> TASK TO COMPLETE:
Print the lines in the listing below starting at the line with "Bad, Wanne mit WM und Trockner" and ending at the line with "Briefmarke der Kanalgesellschaft, die", both included. Reproduce them exactly and omit every picture.

> INPUT DATA:

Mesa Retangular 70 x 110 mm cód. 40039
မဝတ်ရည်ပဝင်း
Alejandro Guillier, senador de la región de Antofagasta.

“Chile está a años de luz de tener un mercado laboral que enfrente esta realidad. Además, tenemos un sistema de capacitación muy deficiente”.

...

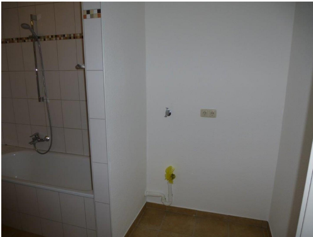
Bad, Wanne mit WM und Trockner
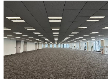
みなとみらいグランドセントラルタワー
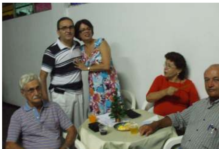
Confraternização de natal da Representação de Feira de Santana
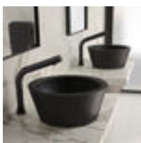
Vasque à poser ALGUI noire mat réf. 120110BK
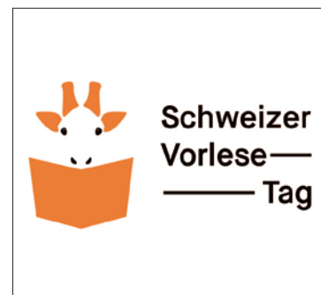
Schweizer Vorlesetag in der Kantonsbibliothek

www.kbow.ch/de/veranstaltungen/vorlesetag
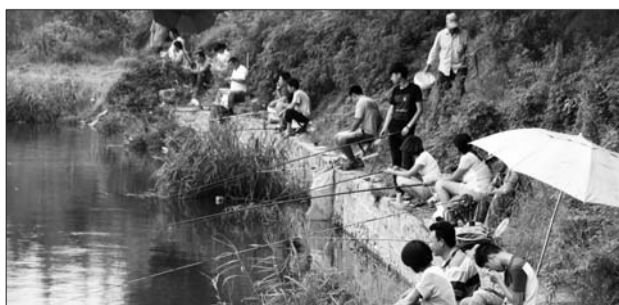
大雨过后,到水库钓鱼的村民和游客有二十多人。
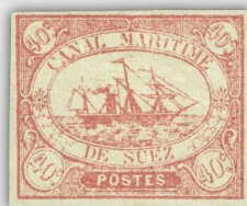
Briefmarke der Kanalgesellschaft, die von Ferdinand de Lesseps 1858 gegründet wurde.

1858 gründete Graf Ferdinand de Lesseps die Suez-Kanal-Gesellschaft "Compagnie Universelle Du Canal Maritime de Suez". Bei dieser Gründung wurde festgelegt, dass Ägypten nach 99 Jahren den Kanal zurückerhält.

==

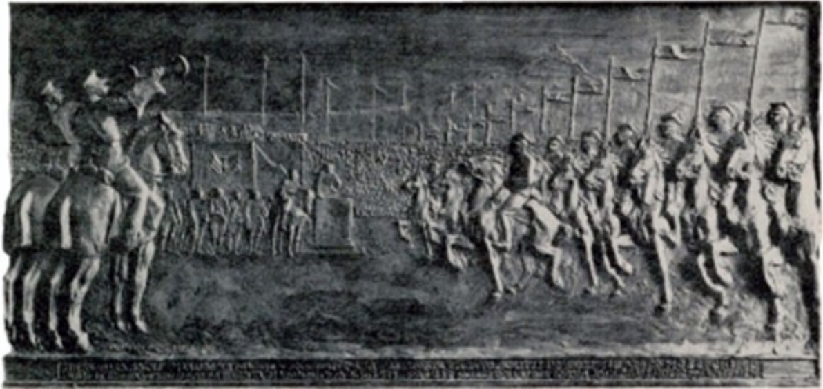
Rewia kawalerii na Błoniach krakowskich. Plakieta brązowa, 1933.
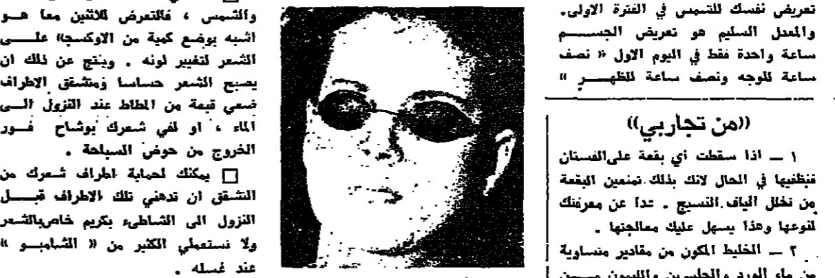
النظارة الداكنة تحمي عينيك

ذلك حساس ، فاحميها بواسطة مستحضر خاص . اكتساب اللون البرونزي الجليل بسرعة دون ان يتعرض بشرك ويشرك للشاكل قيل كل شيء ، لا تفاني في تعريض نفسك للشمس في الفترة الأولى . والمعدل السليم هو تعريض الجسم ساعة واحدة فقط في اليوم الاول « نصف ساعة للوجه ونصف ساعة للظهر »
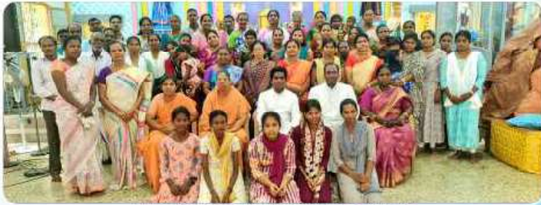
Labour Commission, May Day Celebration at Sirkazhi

> RESPONSE TO THE EXERCISE:
Bad, Wanne mit WM und Trockner
みなとみらいグランドセントラルタワー
Confraternização de natal da Representação de Feira de Santana
Vasque à poser ALGUI noire mat réf. 120110BK
Schweizer Vorlesetag in der Kantonsbibliothek

www.kbow.ch/de/veranstaltungen/vorlesetag
大雨过后,到水库钓鱼的村民和游客有二十多人。
Briefmarke der Kanalgesellschaft, die von Ferdinand de Lesseps 1858 gegründet wurde.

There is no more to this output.